While the academics and the economists ponder and debate minutiae--but minutiae that will cost the taxpayer millions, the American people are bleeding--losing lives and treasure. Meanwhile, the private insurers are fighting tooth and nail to protect and expand their profit stream.
There can be no level playing field shared by the public option and the insurers. Right and good intentions may be on the side of the Obama --Hacker plan, but money, power and influence will be on the side of the health care industry.
Nor do I want a universal mandate serviced by the private sector. The Massachusetts mandate plan isn't affordable for mid- to low-income families. (The PBS documentary Sick in America got that right at least.)
We don't want connectors and exchanges--more bureaucray, more paperwork. We want a simplified single payer plan--easy for everyone to understand , easily implemented and affordable for families and businesses. Regional boards made up of physicians and knowledgeable clinicians and administrators will set fair reimbursement fees.
In the NY Times, Dick Gephardt suggests that any public option be a "spare plan." To whom would he offer the skimpy coverage?--To his neighbor or mine? USA Today and my local paper ran an article yesterday about all the diabetics who are forgoing treatment and cutting meds because they can't afford to do otherwise. How would Mr. Gephardt define 'spare care" to a diabetic?
Keep it simple. Give everyone an expanded and improved version of Medicare. Tell the insurers that they are a nonessential. "luxury" we can no longer afford.
- hmseil01
April 14, 2009 at 4:12pm
I find it hard to believe that the debate on this proposal is about the numeric impacts. There are several conceptual hurdles that probably need to be addressed before speculating on what the numbers will be.

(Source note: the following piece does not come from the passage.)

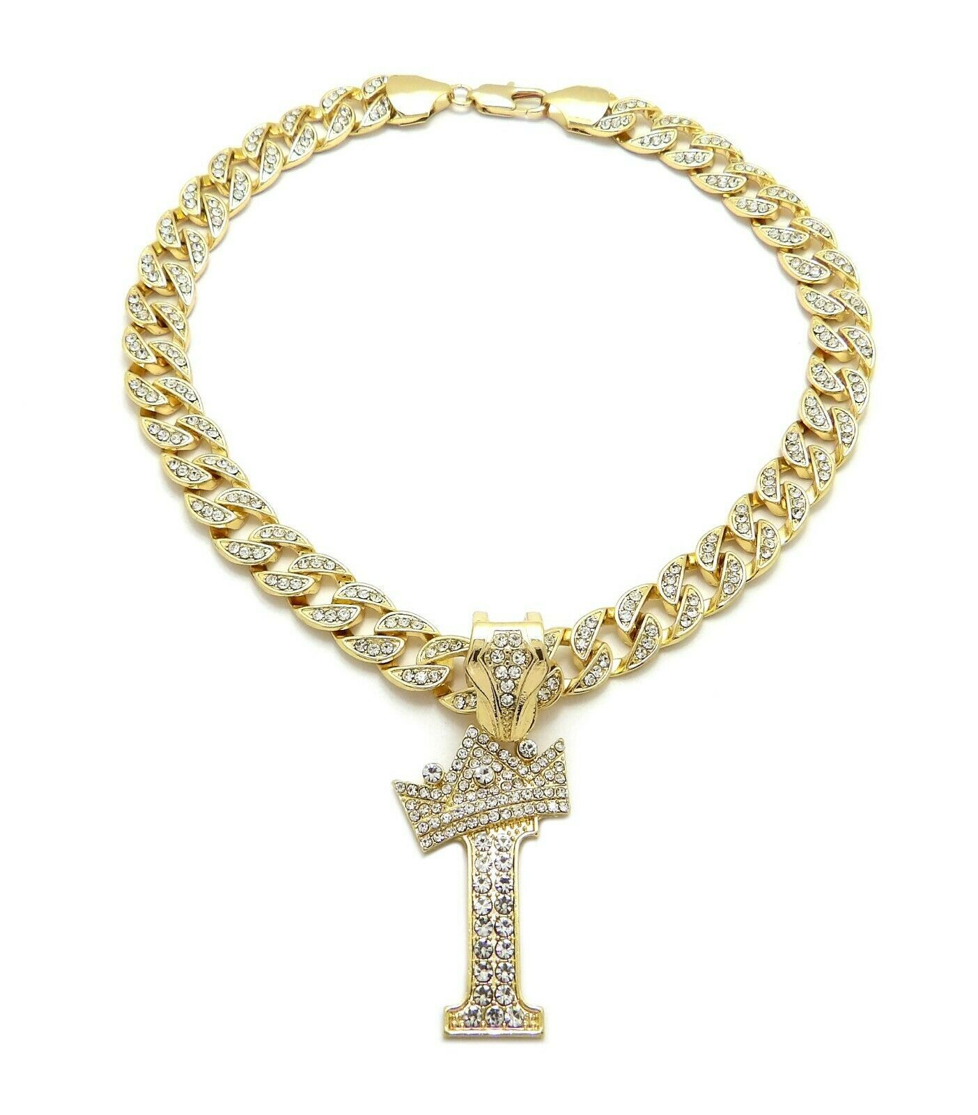 Crowned Initial Letter I Crystals Pendant Gold-Tone Cuban Linked Chain Necklace

Part on my problem is this nebulous concept of the health insurance “Exchange.” Is the Exchange an “Assigned-Risk Pool” in insurer’s vernacular? Is it just a point where insurers must accept any and all individual customers (their choice) at the insurer’s community rate? Will the Public Plan be able to use their price-making ability in determining their premiums in the Exchange? Can employers opting to send their employees to the Exchange (and thus have to pay the 6 percent mandate) pay the employee’s share of their premiums?
It seems to me that if the Public Plan will have price making abilities, whether in the market or in the Exchange, then they will probably have the lowest premium rates. Private insurers will be required to take any customer and charge their community rates which will not have the benefit of price-making ability. It is hard to divine the way in which private insurers will be able to compete.
Hacker touts the ability of Medicare (the Public Plan) to control hospital cast using their “concentrated purchasing power to pioneer new payment methods.” If private firms used their concentrated purchasing power they might become subject to Anti-Trust law.
Hacker’s argument for inclusion of the Public Plan – because of its ability to control cost – misses a better solution to the root problem. A significant reason that Medicare, and hence the Public Plan, can control cost is because they can control cost with rate setting ability! Rates schedules set for hospitals, that *all *insurers would pay would allow the private insurers to compete on a level playing field basis with the Public Plan.